I am glad it was banned. And I actually read some Muslim women who were for the ban...interesting. One woman, a saudi, said it best I thought.

She said that "in Saudi we require women to cover their face...it is our law and custom. When we are in someone else's country we must abide by their laws and respect the customs. It is the right thing to do." Hoooray!!!! for her. But I also wondered if she had the chance to get rid of the niqab if she would. She seemed not to be too upset about the whole thing.

Susanne said...

I agree with what you said about Heba's comment that wearing niqab makes people deal with her mind rather than body. I watched the video the other day and while I thought she was very articulate, I was distracted the whole time by watching her curtain go in as she breathed. I just couldn't take her that seriously due to my being fascinated (?!) by her niqab.

I like seeing people's faces when we are talking. Maybe this is why I dislike the telephone so much.

Majed said...

Due to Guilt about few things I wrote in a previous comment, I was thinking of taking a long hike on commenting,but then I thought I am just humble human being who makes mistakes,so what.

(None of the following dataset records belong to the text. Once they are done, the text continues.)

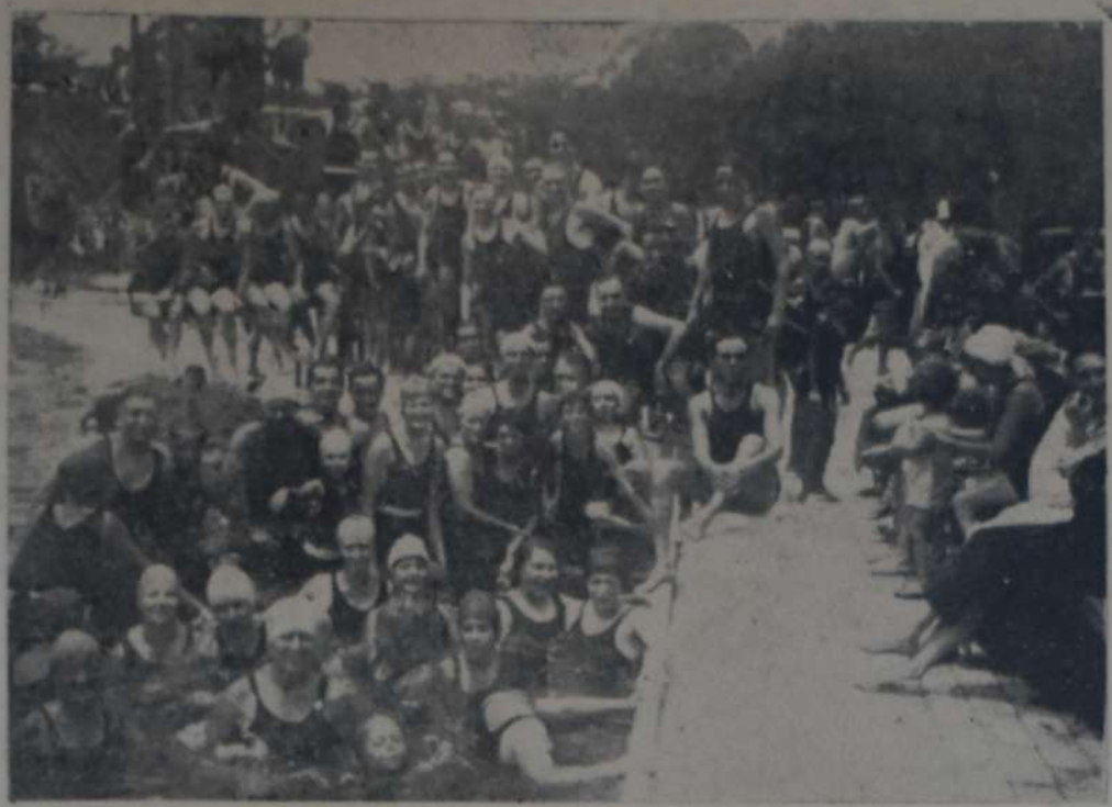
La pileta de natación del club Gimnasia y Esgrima, de su nuevo campo de deportes, congrega, principalmente los días festivos, numerosos aficionados al saludable deporte. Vemos aquí a un grupo de entusiastas nadadores en alegre camaradería.

A continuación se produce un prolongado peleo frente al arco visitante, al que pone fin Quilindro, al ejecut-
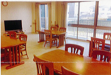
明るく開放的な食堂
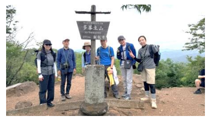
多峯主山山頂到着
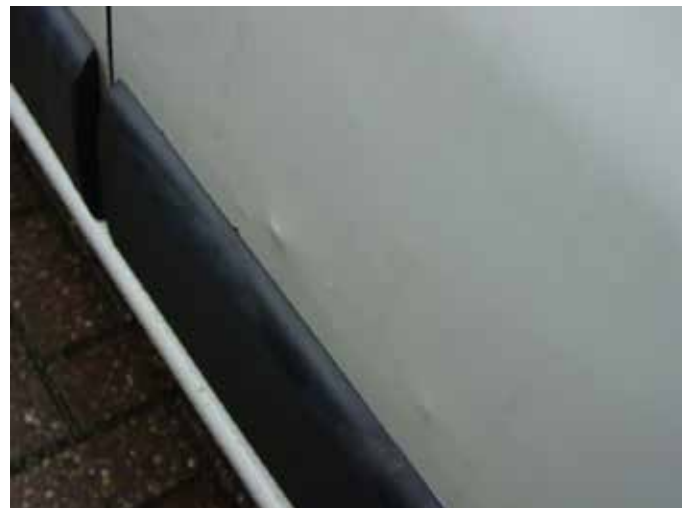
Niet acceptabel (deuken van binnen naar buiten)
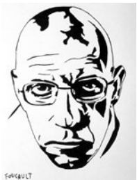
Abb. 1.6 |
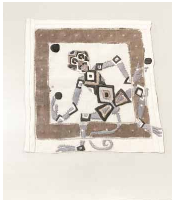
► Muchos de los diseños que Toledo realizó son colaboraciones con distintos talleres artesanales.

Toledo ve se inauguró el 3 de julio de 2019, ha recibido cerca de 32 mil visitantes de todas las edades. Está integrada por 826 piezas de
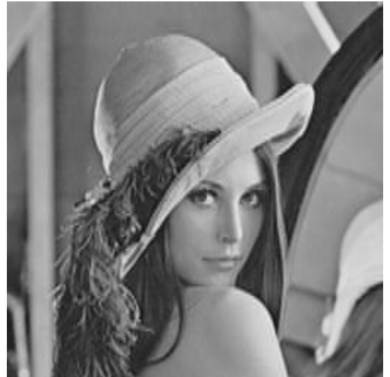
Tamaño archivo 9Kb

A continuación se muestra el resultado de aplicar el método propuesto a la imagen anterior:
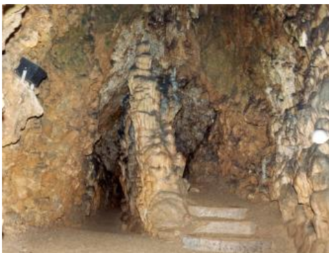
In der Schertelshöhle bei Westerheim

Die Schertelshöhle befindet sich auf der Schwäbischen Alb, im vorspringenden rechten Talhang eines Trockentals, das zum Filstal führt, ca. 3,5 km nordwestlich von Westerheim. Sie ist in Kalksteinen des Oberjuras als Flusshöhle entstanden, weist einen L-förmigen Verlauf auf und wird im Knick durch einen künstlichen Eingangsstollen betreten. Die Gesamtlänge beträgt ca. 212 m, geführt wird der Besucher durch 160 m. Die Höhle ist sehr reich an Klüften, malerischen Tropfsteinen und Sinterfahnen. Im tiefsten Teil der Höhle trifft man auf eine bis 15 m hohe Halle mit viel Sinterschmuck (Binder & Jantschke, 2003).
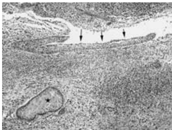
図5 病理組織学的所見 (HE, ×400):嚢胞内腔を裏装し角化傾向を呈する扁平上皮(矢印)と、上皮下結合組織内に観察される小上皮島(★)
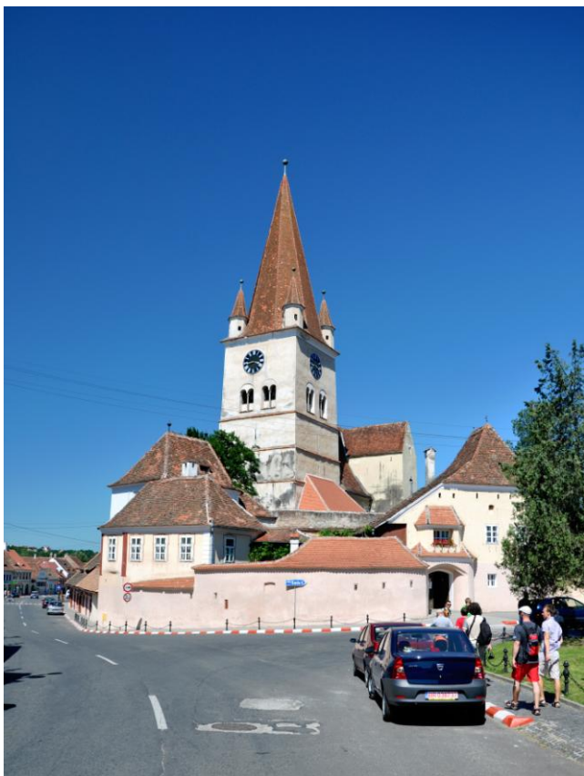
Obr.13 Opevněný kostel v Cisnadii

Yes Europe has evolved in certain areas, but still stuck in muds of Europe `s dark ages in others, like the race and religion issues, though they have been to places and seen people ,but it gives the creeps to see those people in their homeland, they only want to have uniform societies, different colors,cultures,mentalities,religions are equations too sophisticated for the European brain to process,if they don't like, don't understand,hate, don't feel comfortable with a thing or things, so other should not have the right or choice to do it, and must feel the same about it ,and, if they don't like it that way they should leave and go to Saudi Arabia, Saudis (right or wrong) make less than 1% of all Muslims, somewhat like the Vatican,we can not say that all Christians should leave to the Vatican you can not boil down all Muslims to Saudi Arabia that is so childish.

The ban is stupid, because it ended, call it a debate or dialogue that might have been very fruitful on Burqa, by a Papal decree (law)which decided that Christianity wins,by the way carnivals are the occasions of choice for terrorists as it maximizes casualties must be a huge (security concern)

I think neither muslims nor non Muslims should have any restrict say on what is required or not required by Islam, Islam is very flexible, that is if you ask three scholars about a certain issue, it is very likely that you will get three different opinions with non of them assuring you to be the final word on it. You have either to follow one of them,or make a crazy dish for yourself of them all with sticking to the BASIC INGREDIENTS, but you can not tell people that only your way will take them to Rome.